Would MS want to make idtech a third party alternative to unreal?
Would it benefit MS to do this?
More about time to have the X(box)-Engine. You got gamestack, direct x12u, havok, azure ml and so many studios with knowledge and talent, preserve it for the future in a engine. A modular based game engine that is easy to use also and licensed for indies, user content/mods… just sayin…
I agree. I think this gen they should get the studios together and brainstorm an engine to ween many of them off of Unreal (if Tencent is going to be a bigger competitor in future) and maybe even Creation if the new updates still don’t fix the foundational issues with it. Make something as accessible as both while really leveraging the power of the Microsoft tech.
Id Tech, Forzatech, Arkane Engine, Creation (if fixed) and Slipspace are all cool on their own. They are in house engines.
I also forgot simplygon and github. ^^ But yeah they have so much tech inhouse and it just keeps growing, especially with machine learning/deep learning there is amazing stuff ahead. Auto generated animation, human like voice generation… ninja theory plays around a lot with research, trained an ai to play the objective in bleeding edge, minecraft now test around with the new network tech to get 1k player on one server.
I don’t say one engine to serve all, there is time where it makes sense to do your thing. But i still feel like they now reached a point of tech, research, cloud and studios that it could actually be a big plus longterm. Water shader from Sea of Thieves for example, the open world streaming from forza tech, there is really a lot of tech gold these studios create and could be benifitial for future projects, even more for the smaller second teams each studio seems to create. Play around and keep the engine growing with assets/functions/shaders etc.
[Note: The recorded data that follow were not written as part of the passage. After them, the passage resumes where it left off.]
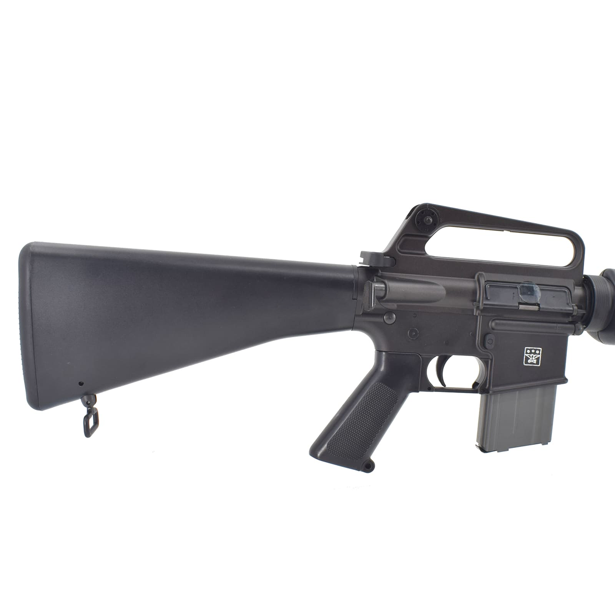 - 經典 M16 / XM16E1 外觀元素:三叉防火帽、三角準星座、三角護木、固定提把上機匣等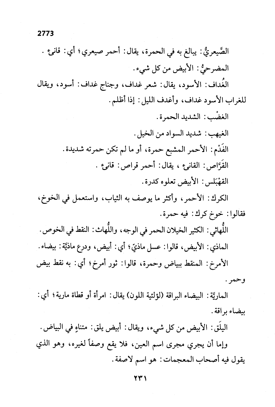 الصَّيعريُّ: يبالغ به في الحمرة، يقال: أحمر صيعري؛ أي: قانئ. المضرحيُّ: الأبيض من كل شيء.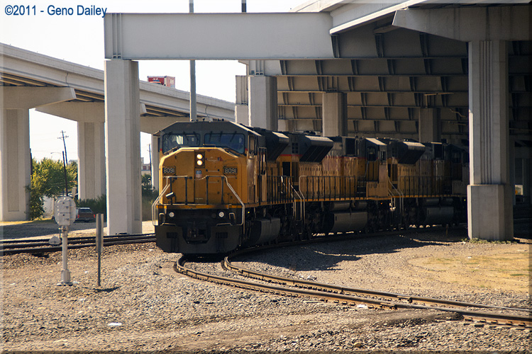 Crossing in front of some stopped Union Pacific power at Tower 55 in Fort Worth, TX.

Different engines have different strengths. 343 isn’t going to switch engines. They’ll continue to iterate on their engine because it’s important that Halo feels like Halo. It’s also a different focus in terms of AI, sandbox and size of environments. Choosing an engine goes beyond graphics. What’s interesting is that these devs have access to multiple tools and can pick and choose what works best for them in a given situation. Unreal is still the most versatile and one of the big advantages you have using Unreal is that AAA developers throughout the industry are familiar with it which I assume helps with outsourcing and scaling up contract work. Microsoft’s studios also modify the Unreal engine to their needs. I do like the suggestion that Microsoft take all the knowledge and talent behind these tools and keep iterating to become more versatile.